#### THE TASK:
Any images in the material are to be dropped while every line is retyped exactly.

SUPPLIED INFORMATION START

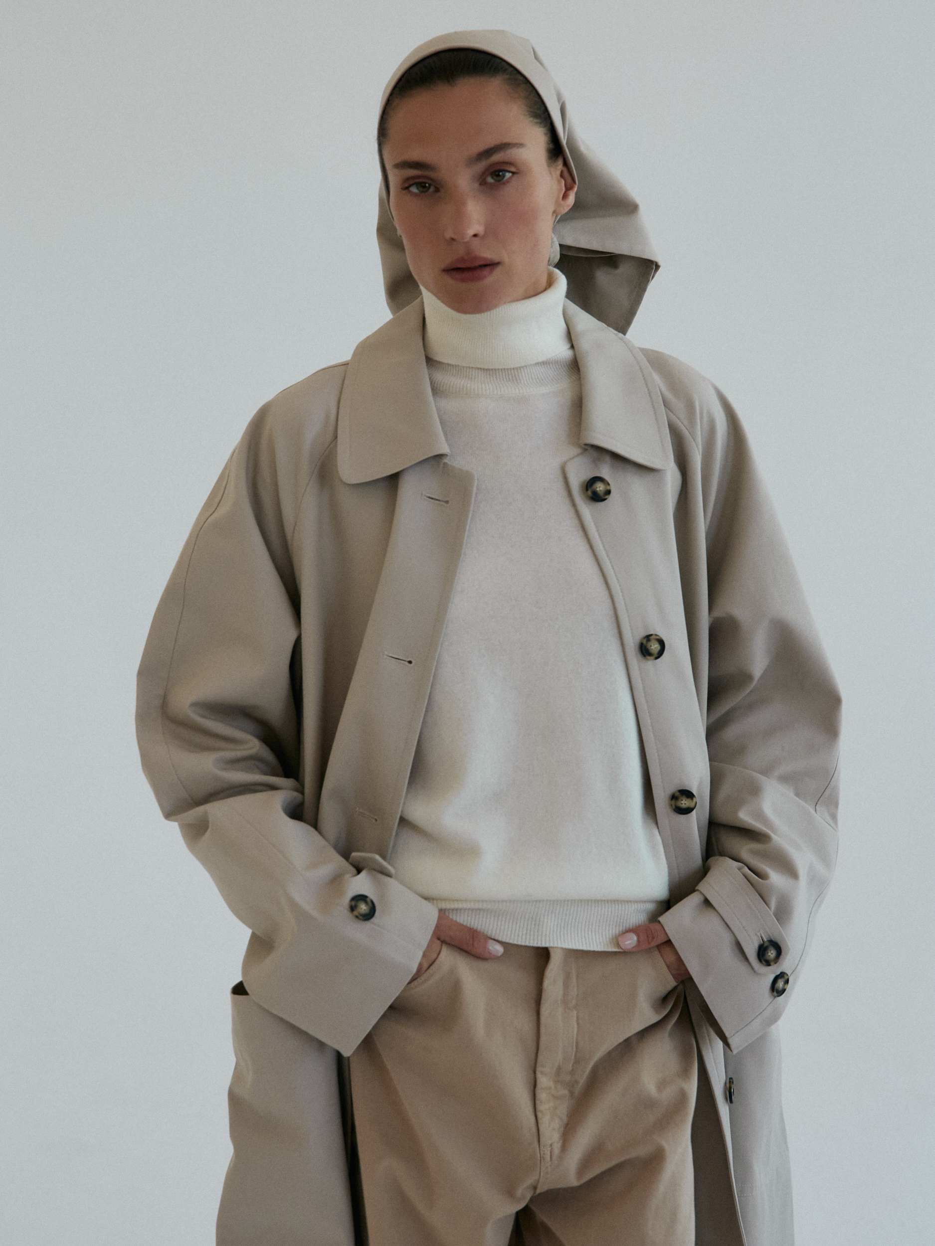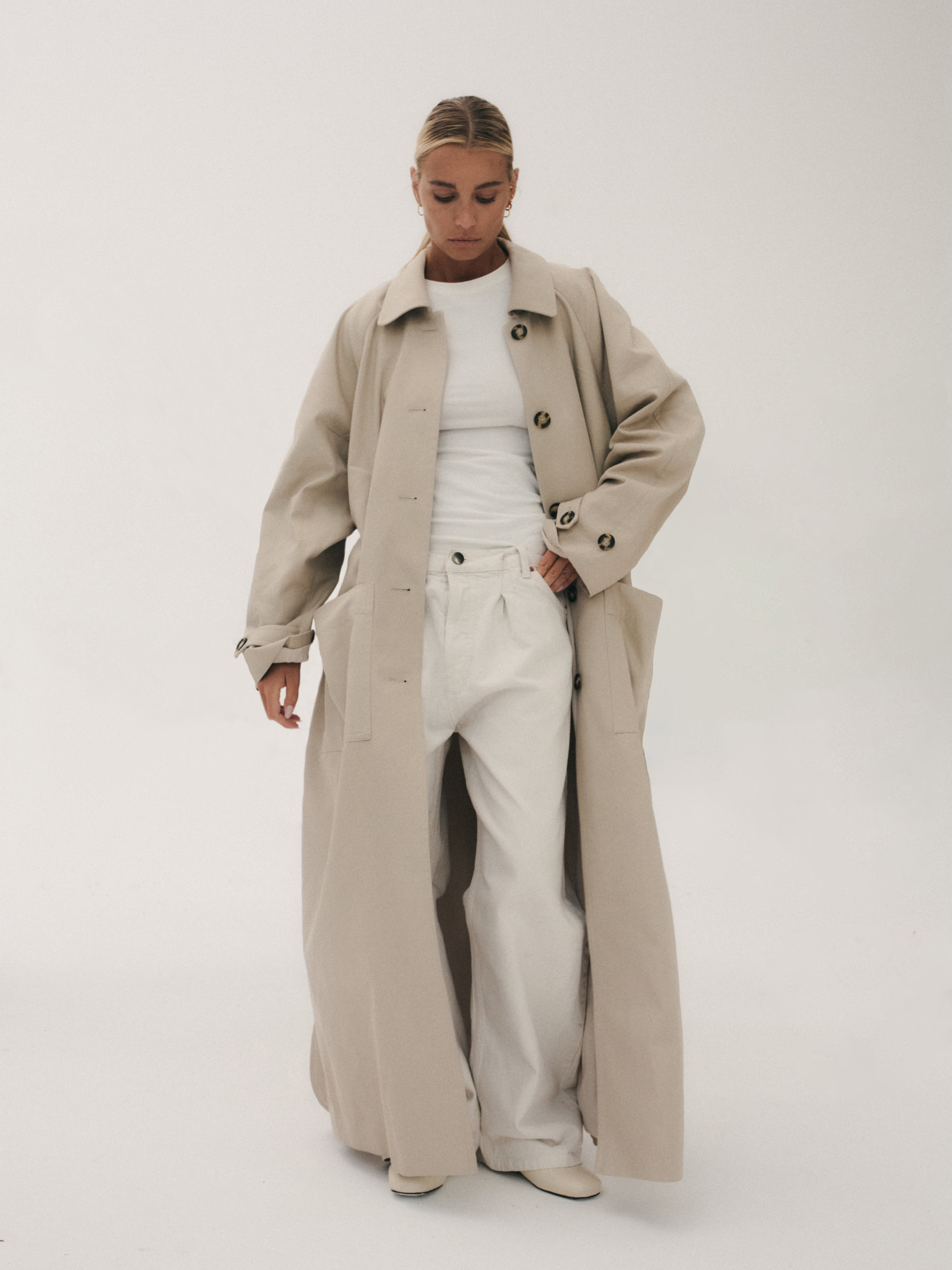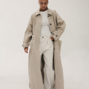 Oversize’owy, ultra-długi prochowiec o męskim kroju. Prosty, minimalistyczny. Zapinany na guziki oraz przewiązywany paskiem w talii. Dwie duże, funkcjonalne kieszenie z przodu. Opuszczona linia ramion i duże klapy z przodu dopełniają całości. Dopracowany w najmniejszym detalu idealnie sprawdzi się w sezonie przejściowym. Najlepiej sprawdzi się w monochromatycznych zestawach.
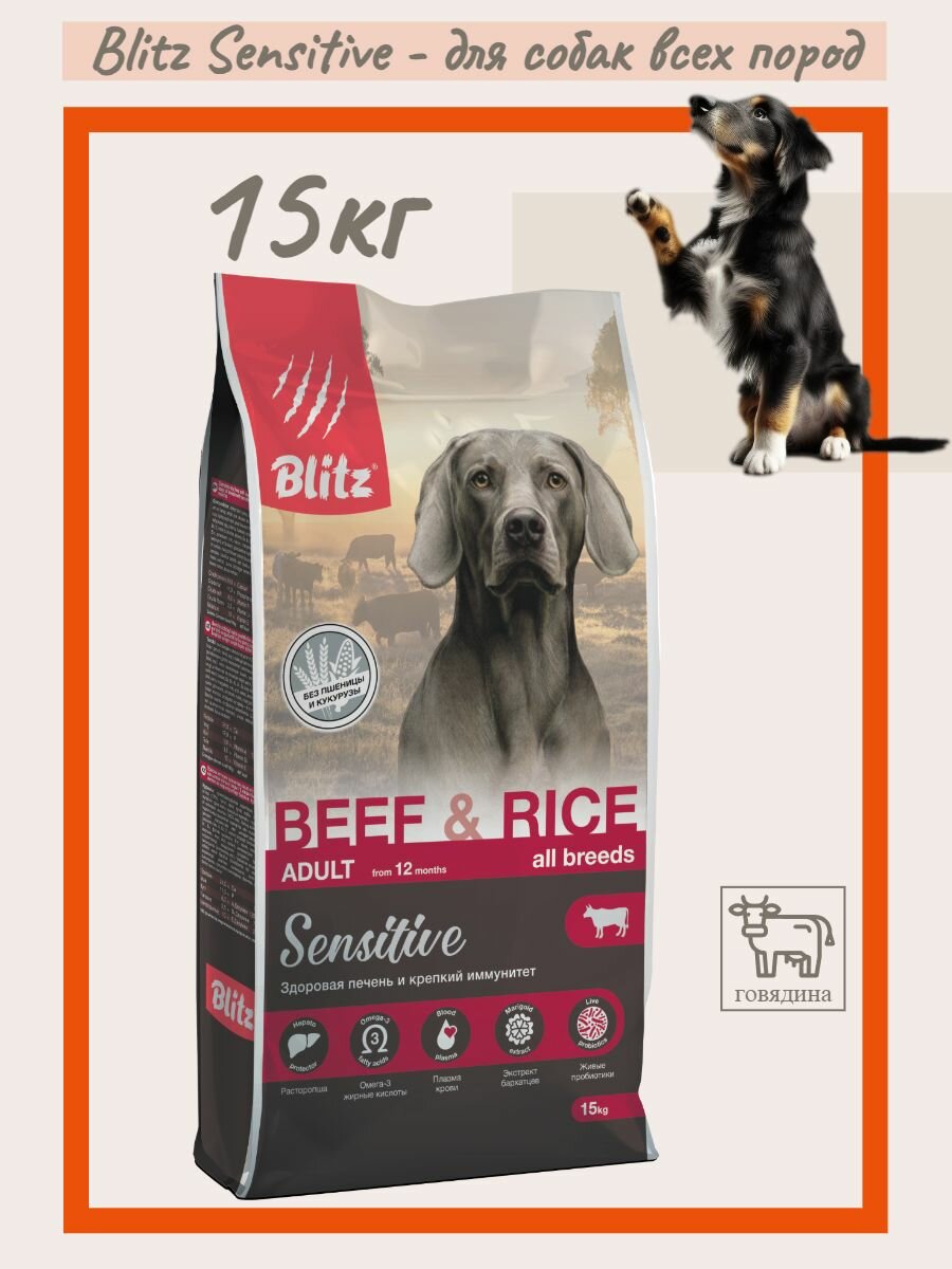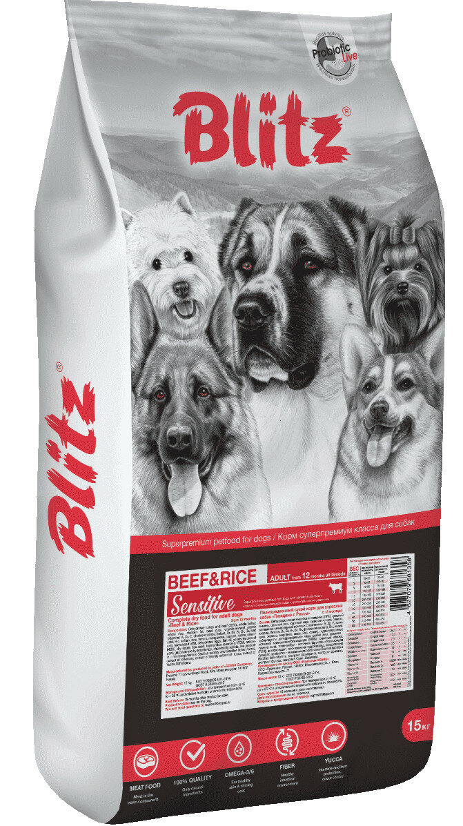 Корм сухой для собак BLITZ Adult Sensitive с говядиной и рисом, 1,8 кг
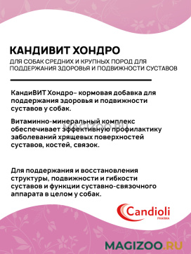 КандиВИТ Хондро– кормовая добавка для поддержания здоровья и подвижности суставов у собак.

SUPPLIED INFORMATION END

#### EXERCISE OUTPUT:
 Oversize’owy, ultra-długi prochowiec o męskim kroju. Prosty, minimalistyczny. Zapinany na guziki oraz przewiązywany paskiem w talii. Dwie duże, funkcjonalne kieszenie z przodu. Opuszczona linia ramion i duże klapy z przodu dopełniają całości. Dopracowany w najmniejszym detalu idealnie sprawdzi się w sezonie przejściowym. Najlepiej sprawdzi się w monochromatycznych zestawach.
 Корм сухой для собак BLITZ Adult Sensitive с говядиной и рисом, 1,8 кг
 КандиВИТ Хондро– кормовая добавка для поддержания здоровья и подвижности суставов у собак.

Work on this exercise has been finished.